Rostra: The prows of captured ships set up in the Roman Forum and used as a pulpit for public speeches.
Sarcophagus: A container to hold a dead body. Usually made of stone, but can also be of terracotta or metal.
Sestertius: Originally a small silver coin worth one quarter of denarius. In imperial times a large brass piece about 1 3/8 inch in diameter.
Spandrel: The triangular space between the springing and center of an arch. Usually occupied by a Victory.
Strigil: A curved piece of metal with a handle, used for scraping an athlete's body to remove sweat and dust after exercise.
Stucco: Plaster used on walls or ceilings. Often referring specifically to three-dimensional ornament in plaster.
Tepidarium: The warm room of a Roman bath.
Terracotta: Baked clay, usually with reference to roof tiles or sculpture.
Tessera: A squarish piece of stone or glass used to create a mosaic.

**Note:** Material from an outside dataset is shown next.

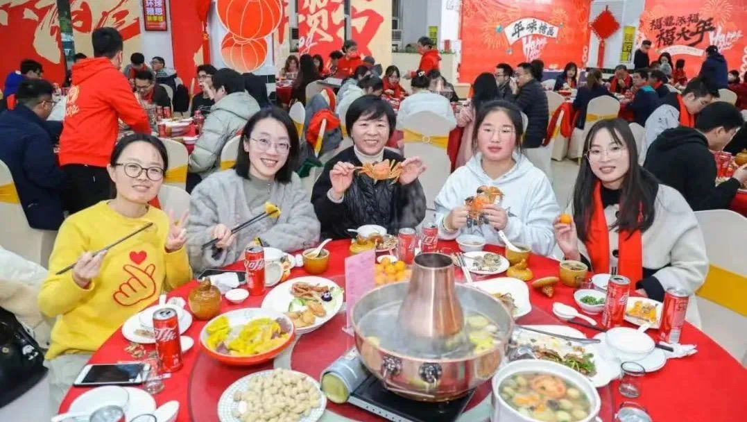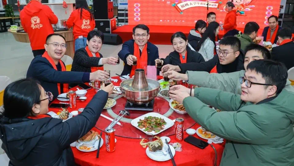 除夕当天,留校学子来到精心装点的玫瑰园写对联、领奖券、抽好礼、包饺子,观看精彩纷呈的舞台表演,喜气洋洋的食堂充满欢声笑语,洋溢着满满的“年”味 。除夕夜,留校师生欢聚一堂,共享色味俱佳的年夜饭。校党委陈国龙书记、黄身勇副书记、郭文忠副校长、夏帆副校长为留校师生送上新春祝福,学院党委副书记常凯、团委书记刘旭莹与学院留校学子同桌吃饭。佛跳墙、太平燕、年糕...饱含着最诚挚美好的祝福,让每一位留校学子感受中国年的温暖和热闹。

Testudo: Literally a tortoise. The name given to an army formation where the Romans put their shields together overhead for protection against the defenders of a city or town wall.

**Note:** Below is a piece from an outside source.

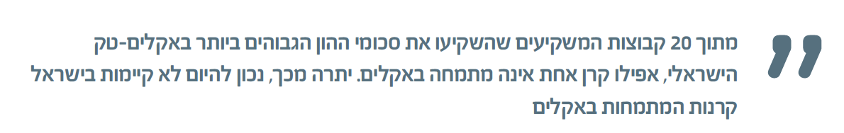 - מתוך 20 קבוצות המשקיעים שהשקיעו את סכומי ההון הגבוהים ביותר באקלים-טק הישראלי, אפילו קרן אחת אינה מתמחה באקלים. יתרה מכך, נכון להיום לא קיימות בישראל קרנות המתמחות באקלים.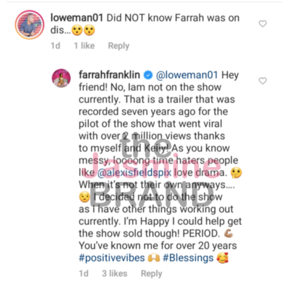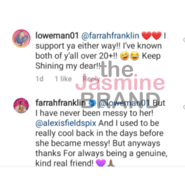 A fan mistakenly thought the footage was from producer Carlos King’s current show Bet Presents The Encore and commented they didn’t know that Farrah was on the show. Farrah responded to the fan and explained that she isn’t and the video is old. She also took multiple shots at Alexis and wrote,

Tetrapylon: A four-way arch, usually triumphal or commemorative, found at crossroads.
Tetrarchs: Four rulers of the late Roman empire, each with a particular sphere of influence in east or west. Two were subordinate, but were picked for succession to the higher positions.
Toga: The basic formal outer garment for Roman men. It was a semicircular piece of woolen cloth, about five yards long, that was draped over one shoulder and hung down to the feet.

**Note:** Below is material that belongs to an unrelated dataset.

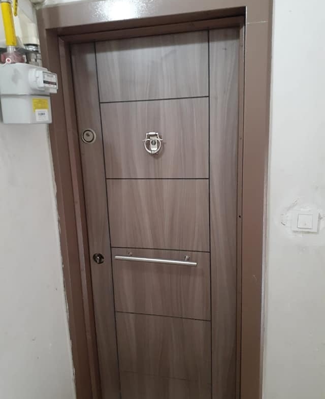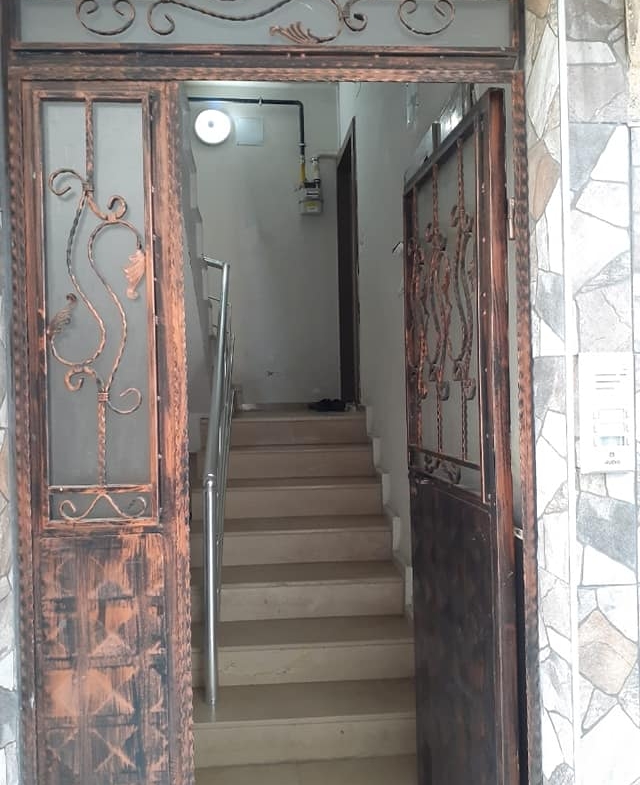 تم تركيب درابزين الدرج ويمكن الوصول إلى الشقة عبر 7 درجات.

Togatus: A man wearing a toga.
Torque: A necklace made of a heavy piece of twisted gold. Worn by barbarians.
Trabeated: An architectural term for a structure with horizontal beams set on vertical supports. Also known as post and lintel.
Travertine: A light-colored limestone that is commonly used for building in the region around Rome.
Triclinium: A dining room.
Triton: Male equivalent of a Nereid, i.e. a male sea creature.
Trophy: A victory monument composed of the armor of the defeated enemy, which was set up on the battlefield.
Trussed Roof: A roofing system using triangular bracing elements for extra support so that the roof can have a wider span than would be possible with a single beam.
Tufa: Soft stone composed of compacted volcanic ash.
Tumulus: The type of round burial mound used by the Etruscans.
Tuscan: One of the five orders of architecture.
Tyrrhenus: A Lydian prince, supposed first leader of the Etruscan people.
Vaults: A barrel or tunnel vault is a simple semicircular arched roof. A groin or cross vault is the intersection of two such tunnels and the configuration of the joined space.
Vestal Virgins: Priestesses of the goddess Vesta, who were required to be unmarried and chaste.
Vicomagistri: Local officials or magistrates; often freedmen.
Villanovas: The general name given to the Iron Age inhabitants of Italy.
Virtus: Latin for courage and strength. The idea or quality associated with having those attributes.
Voussoir: One of the wedge-shaped stone blocks used to make an arch.